Records excerpted from a collection
-*-*-
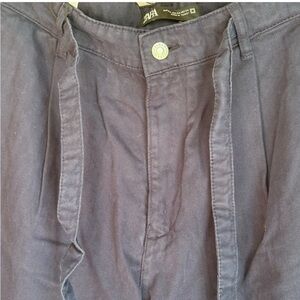New with Tag, Zara men's Navy Blue Drawstring Carrot Fit Rolled Cuff Chino Trousers Pants, size 34 US, twill fabric has navy blue subtle textured stripe weave, zipper with button & adjustable drawstring closure, front pleats, front slash pockets, back welt pockets, tapered legs with 13 inch leg opening.
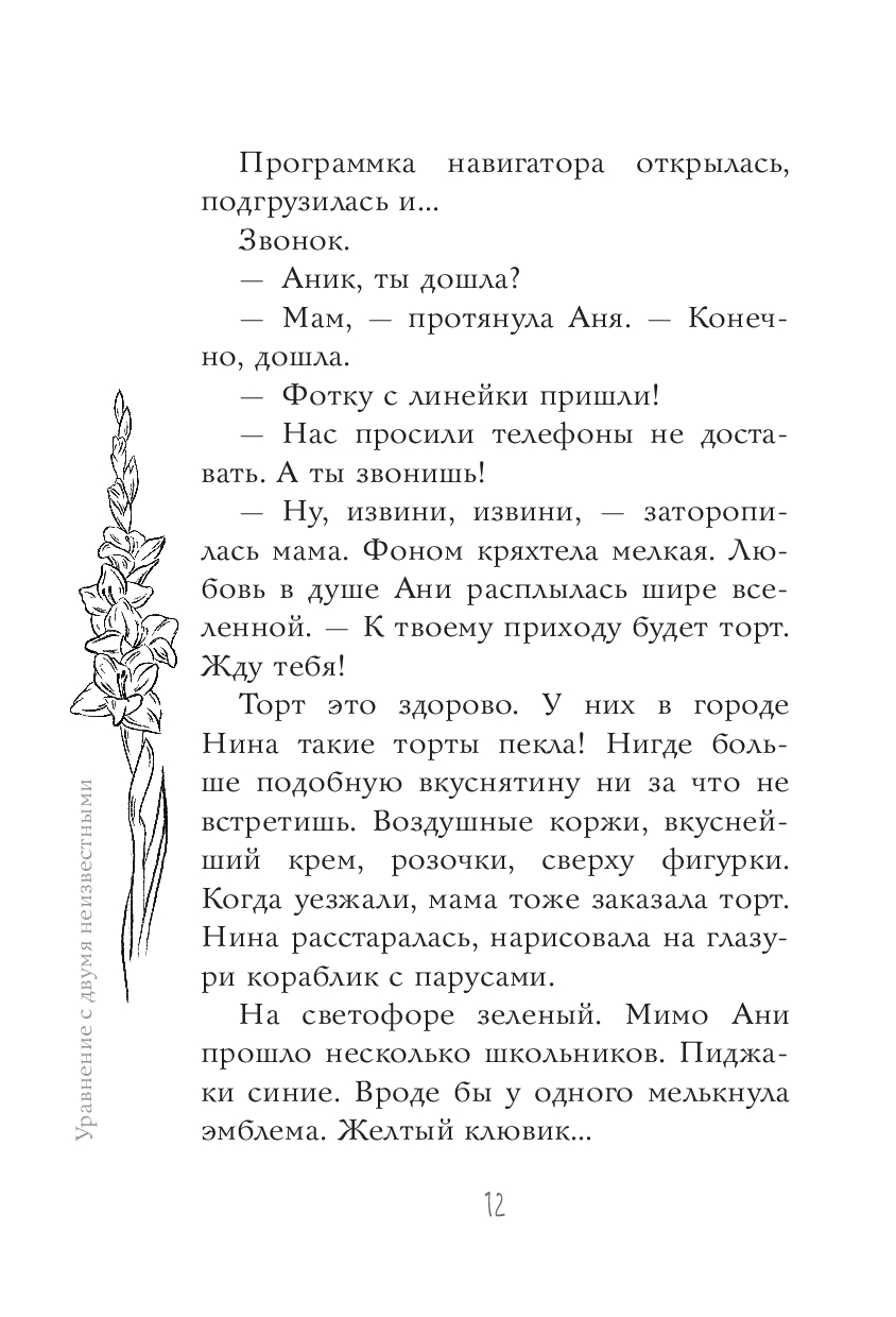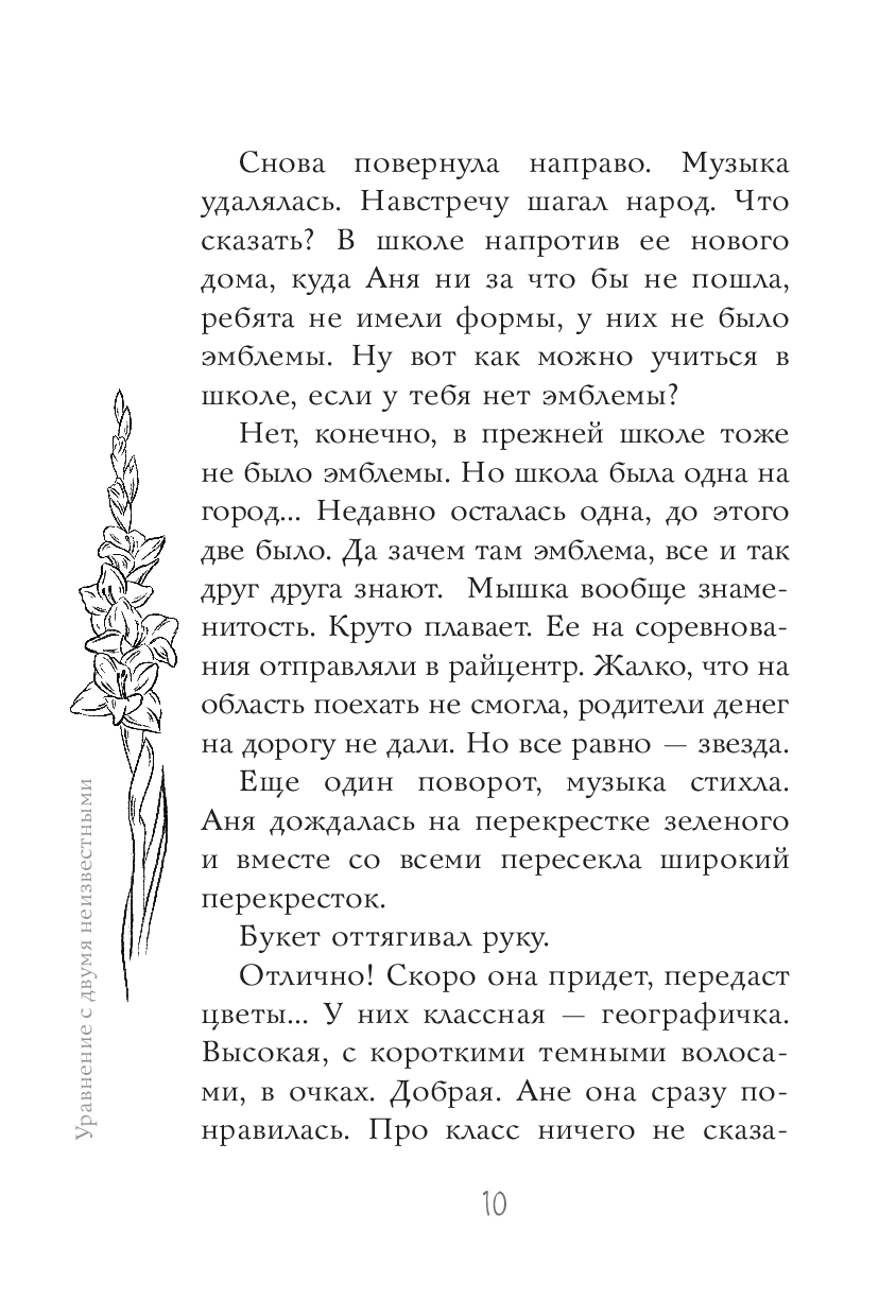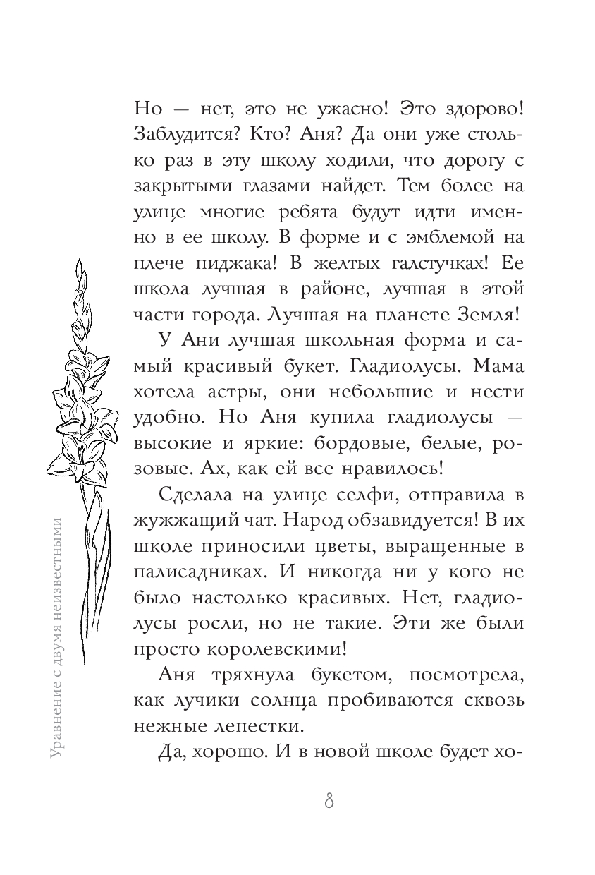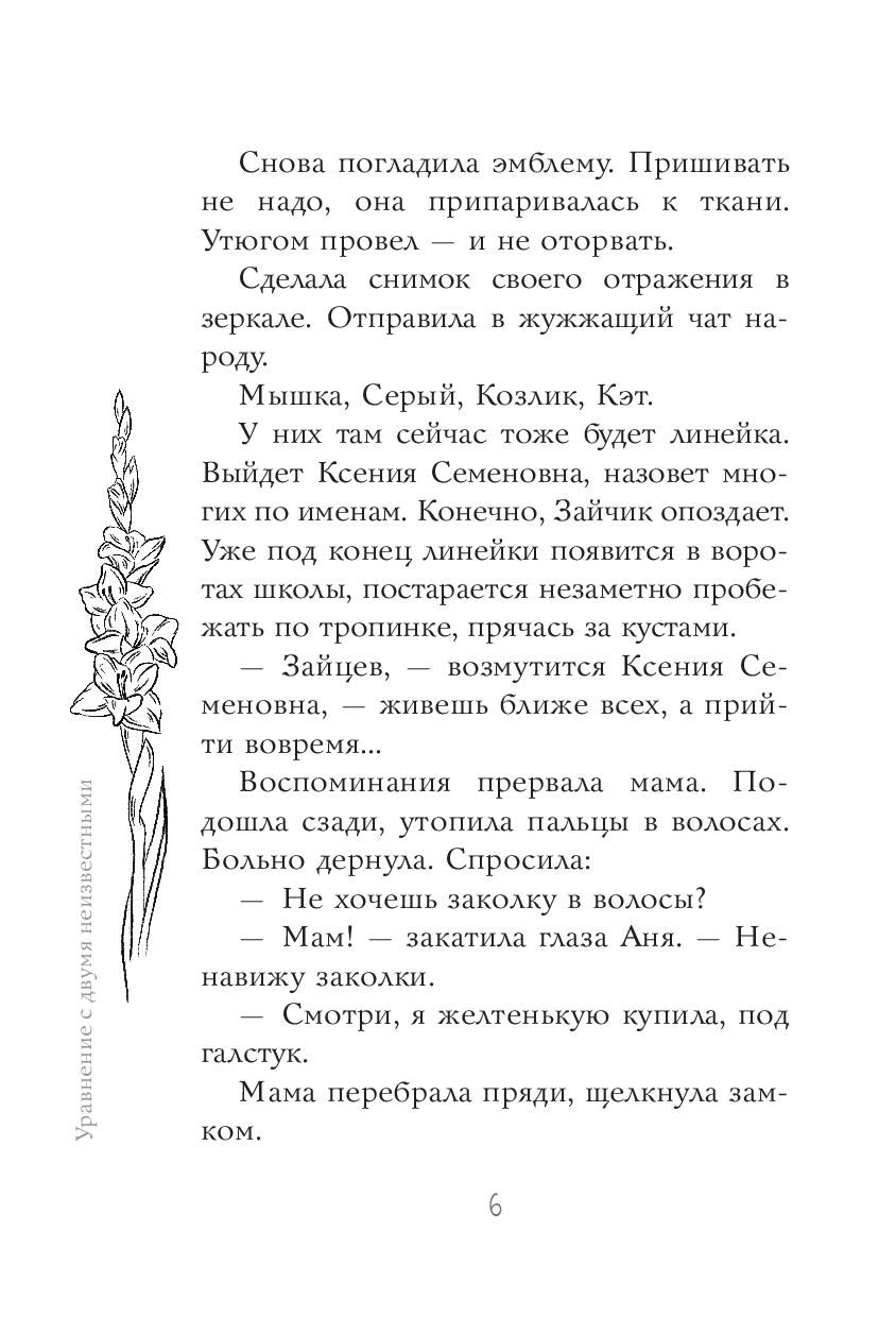 "Уравнение с двумя неизвестными" – роман для девочек знаменитой писательницы Елены Усачёвой. Это история о том, как страшно и волнительно быть новенькой в классе, как завоевать внимание одноклассников и надо ли его завоевывать, как принять людей такими, какие они есть и, самое важное, как верить в себя и принимать себя. Эта книга заставит вас смеяться, переживать и верить, что настоящие друзья появляются именно тогда, когда они нужнее всего!
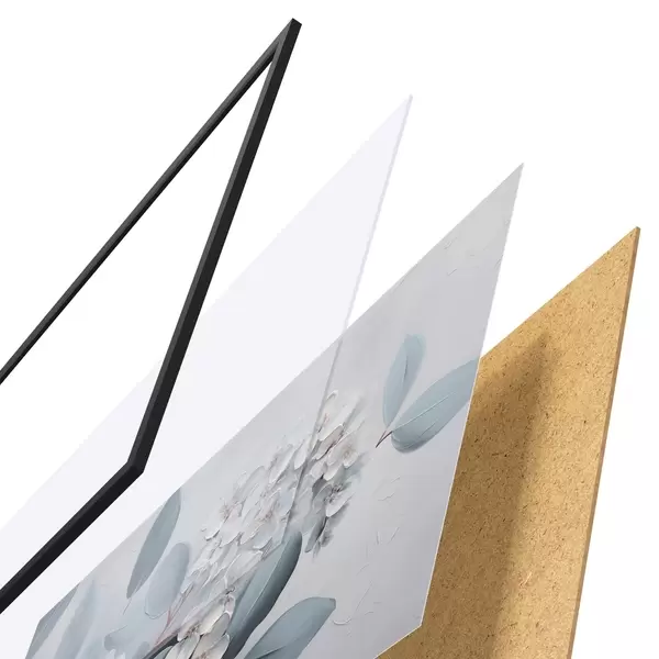 Das Poster besteht aus einem Rahmen, Plexiglas, einem gedruckten Bild und einer Rückwand aus Spanplatten. Dank der Halterungen auf der Rückseite kann das Poster sofort an die Wand gehängt werden.
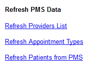 You will need to update any new providers and appointment types to Patient Communicator by clicking the Refresh hyperlinks on this screen.
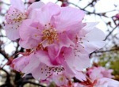 4月の陽気となった今日のウオーキング いつもとちょっと違うコースを歩いてい たら・・・桜が咲いている・・・ あったあった河津桜だ・・こんなところに 1本だけですが濃いピンク色の花びらが・・ 5部咲き程度ですが・・きれいです。 遠くまで行かなくて…
-*-*-
#### [PROBLEM TO WORK ON]
Start at the line that contains "они нужнее всего!" and retype every line through the end of the entries above, both ends included. Exclude all pictures.

#### [THE ANSWER]
 "Уравнение с двумя неизвестными" – роман для девочек знаменитой писательницы Елены Усачёвой. Это история о том, как страшно и волнительно быть новенькой в классе, как завоевать внимание одноклассников и надо ли его завоевывать, как принять людей такими, какие они есть и, самое важное, как верить в себя и принимать себя. Эта книга заставит вас смеяться, переживать и верить, что настоящие друзья появляются именно тогда, когда они нужнее всего!
 Das Poster besteht aus einem Rahmen, Plexiglas, einem gedruckten Bild und einer Rückwand aus Spanplatten. Dank der Halterungen auf der Rückseite kann das Poster sofort an die Wand gehängt werden.
 You will need to update any new providers and appointment types to Patient Communicator by clicking the Refresh hyperlinks on this screen.
 4月の陽気となった今日のウオーキング いつもとちょっと違うコースを歩いてい たら・・・桜が咲いている・・・ あったあった河津桜だ・・こんなところに 1本だけですが濃いピンク色の花びらが・・ 5部咲き程度ですが・・きれいです。 遠くまで行かなくて…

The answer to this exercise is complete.